* Problem requirements
Any pictures in the records below must be left out when you repeat the lines from the line containing "This humongous initial" through the line containing "SUISAI Beauty Clear" exactly.

Stored items from a collection

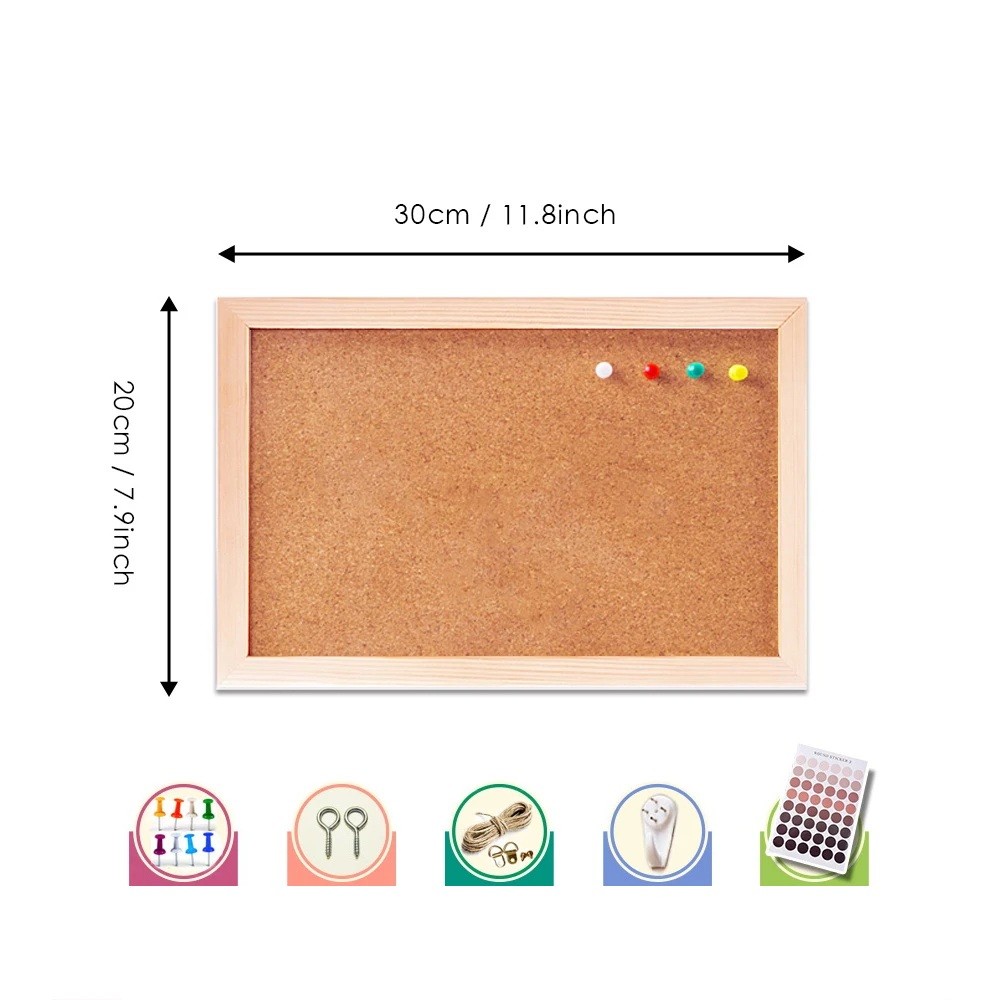 Korkowa tablica ogłoszeniowa z drewnianą ramą 20 × 30 × 1,5 cm Ramka sosnowa Naturalna korkowa tablica na notatki zdjęcia biuro dom
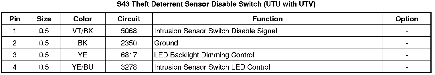S43 Theft Deterrent Sensor Disable Switch (UTU with UTV)
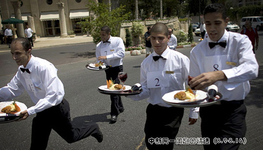 8月11日,大約30名以色列服務生端著盛有雞肉、紅酒的托盤參加在耶路撒冷舉行的服務生賽跑。點擊觀看詳細內容
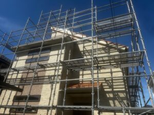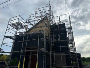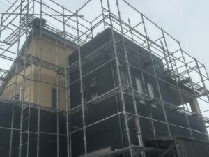 戸建て住宅の屋根工事や外壁塗装に伴う足場設置では、建物全体を安全に覆う枠組み足場を採用しています。
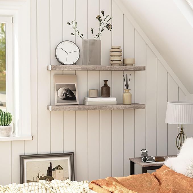 - Exquisite Wall Surface Decoration: Two classic and elegant greige wooden shelves can be placed on each wall surface of all household rooms. This floating shelf for room wall is not only for its decoration effect, but also for this wall shelves high practicality. It is an ideal place to display your beloved photos, trophies and other delicate ecorations
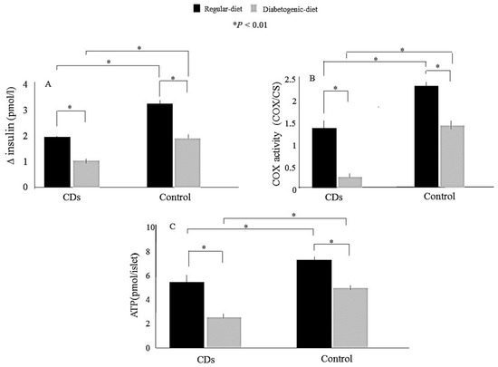 (A) Glucose-stimulated insulin secretion (GSIS), (B) cytochrome c oxidase (COX) activity, and ATP content (C) in islets isolated from Cohen diabetic sensitive (CDs) rats or control rats fed either a regular diet (black bars) or a diabetogenic diet (gray bars). (A) GSIS measured at 1.7 (baseline) and 16.7 mmol/L (stimulatory) glucose concentrations. (B) COX activity normalized to citrate synthase (CS) activity (COX/CS). (C) ATP content (pmol/islet) determined by luciferin luciferase. Data are means ± SE for at least three separate experiments. * p < 0.01. Figure is used and modified from [45] with permission from the publisher.
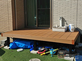 洗濯物を干す場所に、掃き出し窓からウッドデッキを設置し、毎日の洗濯作業がとても楽になりました。工事も3時間程度で終わりましたし、とても良い商品だと思います。
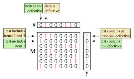 | Keywords: Nonadaptive Group Testing.svg en A typical group testing setup A non-adaptive algorithm first chooses the matrix M and is then given the vector y The problem is then to find an estimate for x 2016-10-19 own CheCheDaWaff other versions cc-zero Matrix Statistics Combinatorics |
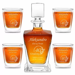 Karafka do whisky pyramid z 4 szklankami capitol i grawerem dla niej na 40 urodziny
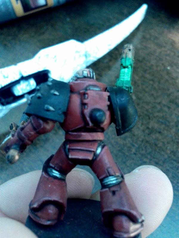 Knife blades are the way to go with mold lines. And normally some orange or a brighter red is used to highlight the armour (the bleached bone makes it look vaguely pink). Also, is that a bit of OSL on the plasma pistol and shoulder pad?
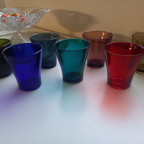 Ohutta lasia, ehjiä, joissain ilmakuplia, 5 kirkasta, 2 harmaata, 1 vaalealiila, 1 tummaliila, 1 sininen
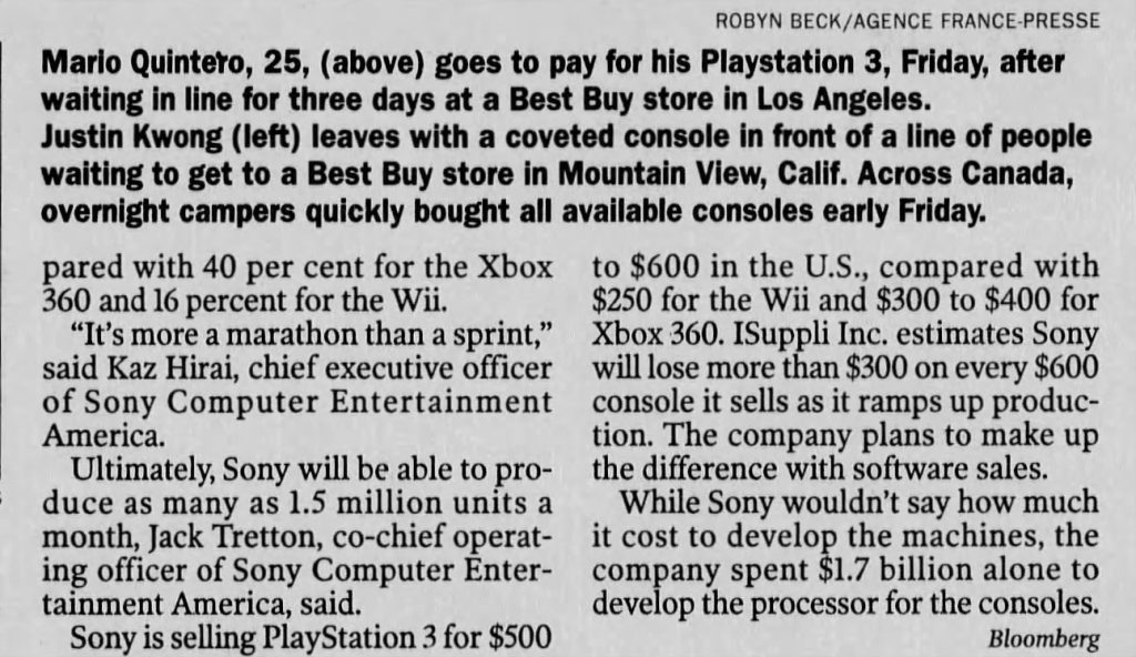 This humongous initial investment then forced Sony to make some horrendous decisions. Since the PS3 costed PlayStation a whopping $850, the MSRP was set at $600, which not only meant that Sony was loosing close to $300 on every console purchase, but even at that loss, the competitors were far from being priced similarly.
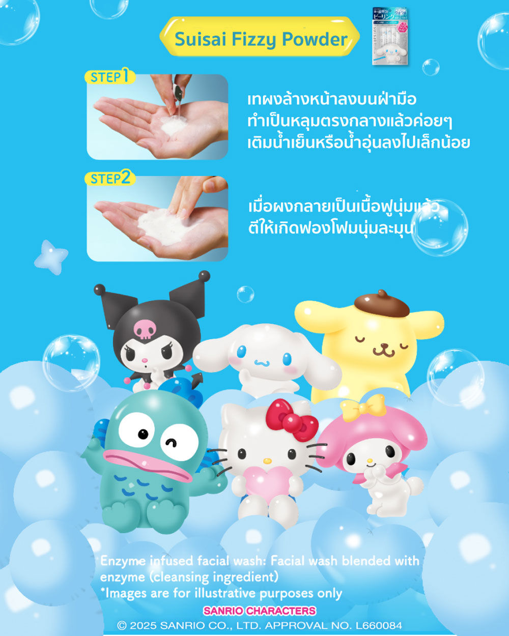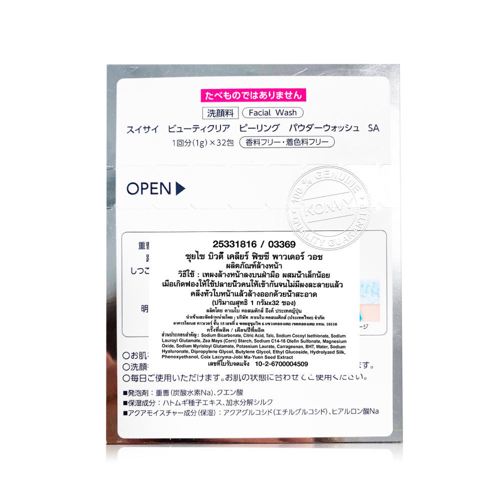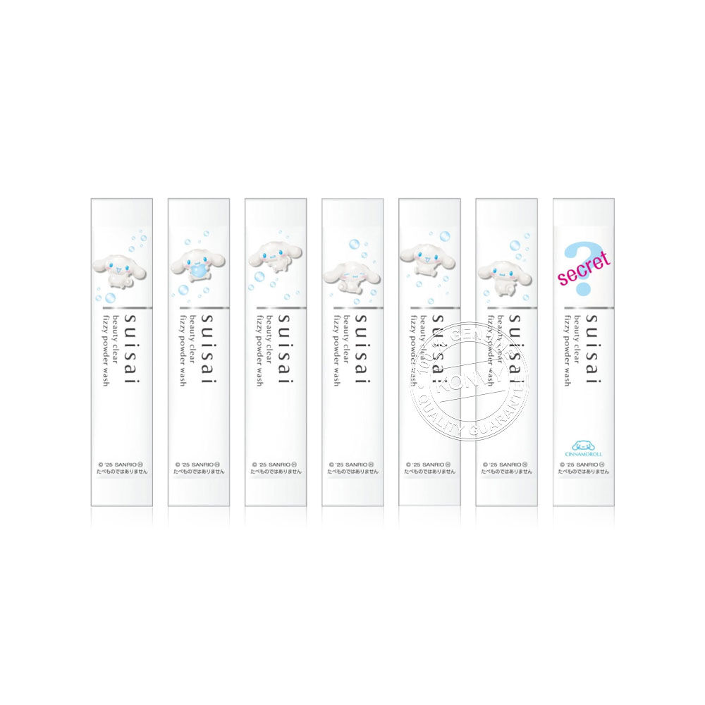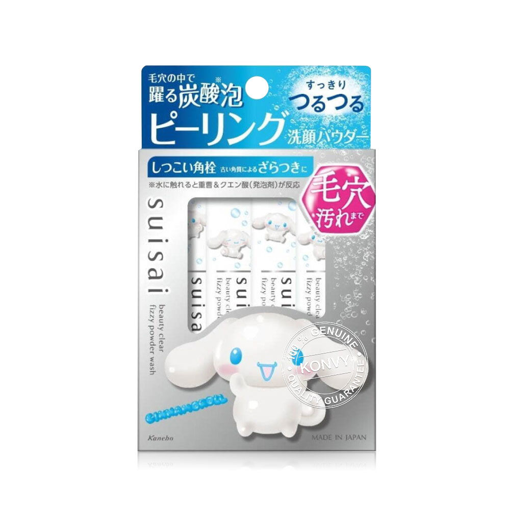 SUISAI Beauty Clear Fizzy Powder Wash SA Cinnamoroll Sanrio Collection 32 Capsules ผงล้างหน้าผลัดเซลล์ผิว ลาย Cinnamoroll เพื่อผิวกระจ่างใส เรียบเนียนขึ้น ลดปัญหาการเกิดสิว และรอยหลุมสิว ผิวรู้สึกสะอาด นุ่มไม่แห้งตึง ฟองโฟมคาร์บอเนต ทำความสะอาดล้ำลึกถึงรูขุมขน ช่วยขจัดการอุดตันของเคราตินและความหยาบกร้าน เบกกิ้งโซดา และกรดซิตริก จะเกิดฟอง และทำปฏิกิริยาเมื่อสัมผัสน้ำ ช่วยลดการเกิดหลุมสิวและสิว ให้ผิวกระจ่างใสและปราศจากความหมองคล้ำ ผิวชั้น stratum corneum เรียบเนียน และนุ่มลื่น
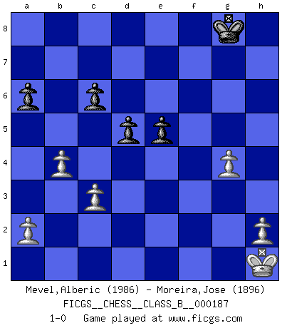 Last move : 1-0 2013 September 8 23:49:47 [Event "FICGS__CHESS__CLASS_B__000187"] [Site "FICGS"] [Date "2013.04.04"] [Round "1"] [White "Mevel,Alberic"] [Black "Moreira,Jose"] [Result "1-0"] [WhiteElo "1986"] [BlackElo "1896"] 1.e4 c5 2.Nf3 d6 3.d4 cxd4 4.Nxd4 Nf6 5.Nc3 a6 6.Bc4 e6 7.Bb3 Nbd7 8.f4 Nc5 9.O-O Nfxe4 10.Nxe4 Nxe4 11.f5 e5 12.Qh5 Qd7 13.Bg5 Nxg5 14.Qxg5 h6 15.Qh4 Qc7 16.Kh1 h5 17.f6 g6 18.Ne2 Bh6 19.Nc3 O-O 20.Nd5 Qc5 21.Ne7+ Kh8 22.c3 Bd7 23.Rae1 Qc7 24.Qg3 Bc6 25.Bxf7 Rxf7 26.Qxg6 Rh7 27.Rf5 Qd8 28.Rxh5 Qf8 29.Nxc6 bxc6 30.Re3 Qe8 31.Rxh6 Qxg6 32.Rxg6 Rg8 33.f7 Rxf7 34.Rh3+ Rh7 35.Rxh7+ Kxh7 36.Rxg8 Kxg8 37.b4 d5 38.g4 1-0 Sicilian : Najdorf, Lipnitzky attack Kingside Castling by player White (move 9) Kingside Castling by player Black (move 19) Player White won this chess game. Follow this game move after move (download)Pawn endings are to Chess what putting is to golf. (Cecil Purdy) Ich weiss nicht was Gott gegen mich auf 1.e4 antworten würde. (Robert James Fischer) Debió haber existido una vez en que los hombres eran semidióses, de otra manera no hubiesen podido inventar el Ajedrez. (Gustav Schenk) Si le désir cupide (et stupide) de gagner est une inépuisable source de souffrance, une combinaison brillante sur l'échiquier est une découverte : le coquelicot qui s'épanouit lorsque apparaît la Voie Lactée. (Arrabal) Industry executives and analysts often mistakenly talk about strategy as if it were some kind of chess match. But in chess, you have just two opponents, each with identical resources, and with luck playing a minimal role. The real world is much more like a poker game, with multiple players trying to make the best of whatever hand fortune has dealt them. In our industry, Bill Gates owns the table until someone proves otherwise. (David Moschella, 'Computerworld')

* Response
 This humongous initial investment then forced Sony to make some horrendous decisions. Since the PS3 costed PlayStation a whopping $850, the MSRP was set at $600, which not only meant that Sony was loosing close to $300 on every console purchase, but even at that loss, the competitors were far from being priced similarly.
 SUISAI Beauty Clear Fizzy Powder Wash SA Cinnamoroll Sanrio Collection 32 Capsules ผงล้างหน้าผลัดเซลล์ผิว ลาย Cinnamoroll เพื่อผิวกระจ่างใส เรียบเนียนขึ้น ลดปัญหาการเกิดสิว และรอยหลุมสิว ผิวรู้สึกสะอาด นุ่มไม่แห้งตึง ฟองโฟมคาร์บอเนต ทำความสะอาดล้ำลึกถึงรูขุมขน ช่วยขจัดการอุดตันของเคราตินและความหยาบกร้าน เบกกิ้งโซดา และกรดซิตริก จะเกิดฟอง และทำปฏิกิริยาเมื่อสัมผัสน้ำ ช่วยลดการเกิดหลุมสิวและสิว ให้ผิวกระจ่างใสและปราศจากความหมองคล้ำ ผิวชั้น stratum corneum เรียบเนียน และนุ่มลื่น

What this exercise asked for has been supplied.